What to do —
Search the listing below for the line with "复盘来看,在纾困期间,贵州百", then write out that line and every one after it exactly, without the pictures.

+++ Source data

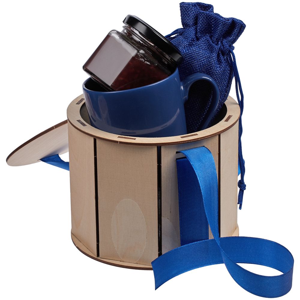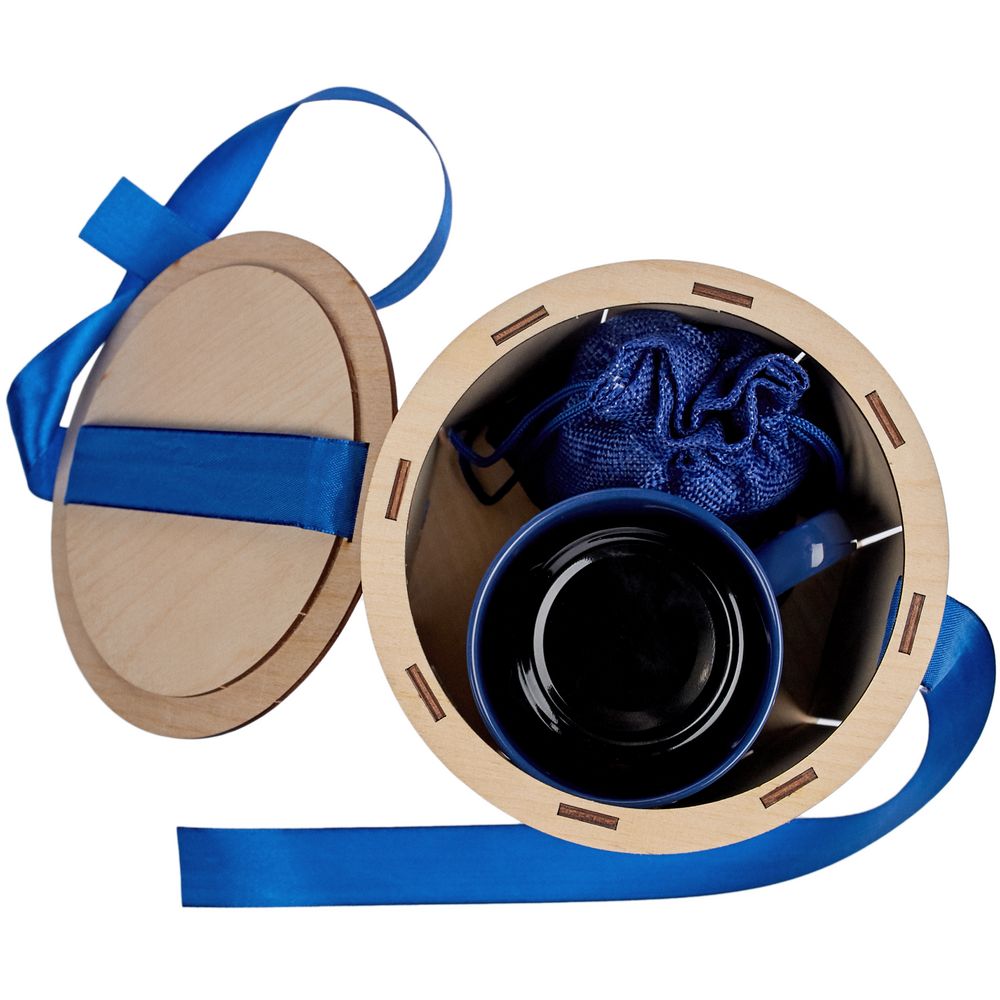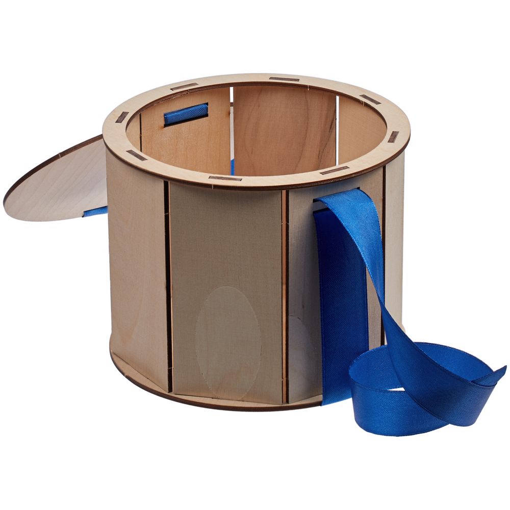 Коробка Drummer, круглая, с синей лентой
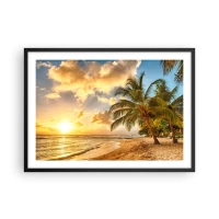 Affiche dans un cadre noir - Poster - Plage avec palmiers et coucher de soleil sur l'océan - 70x50cm - Été éternel, toujours des vacances - Décoration murale moderne pour le salon et la chambre ARTTOR
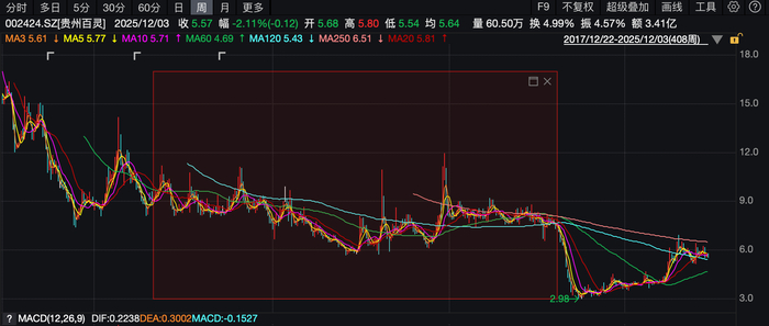 复盘来看,在纾困期间,贵州百灵股价长期在7-8元之间,区间最高价11.97元、最低价5.68元。
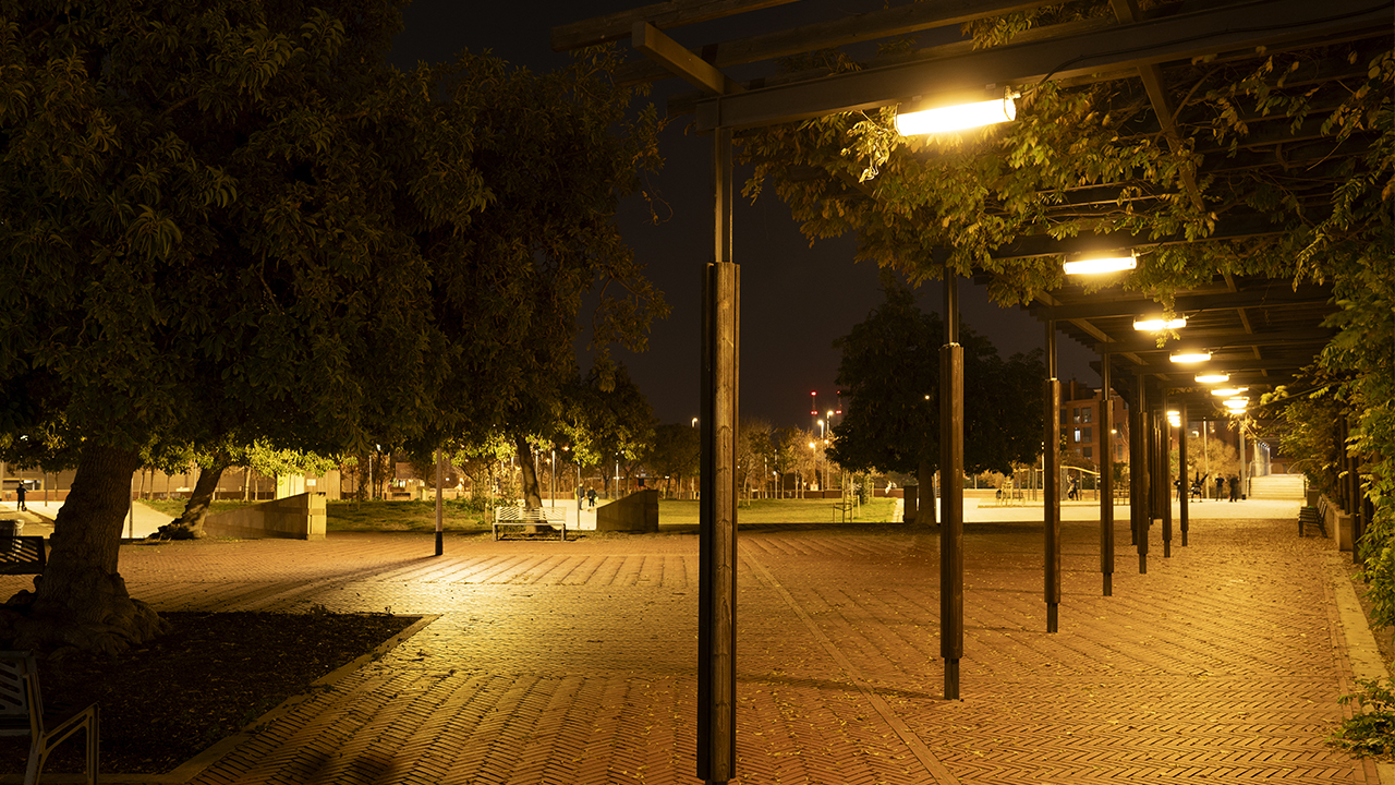 Instalación de luminarias HFL de Carandini con Dynamic White en la pérgola del Parc del Molinet.

++++++

Completed exercise —
 复盘来看,在纾困期间,贵州百灵股价长期在7-8元之间,区间最高价11.97元、最低价5.68元。
 Instalación de luminarias HFL de Carandini con Dynamic White en la pérgola del Parc del Molinet.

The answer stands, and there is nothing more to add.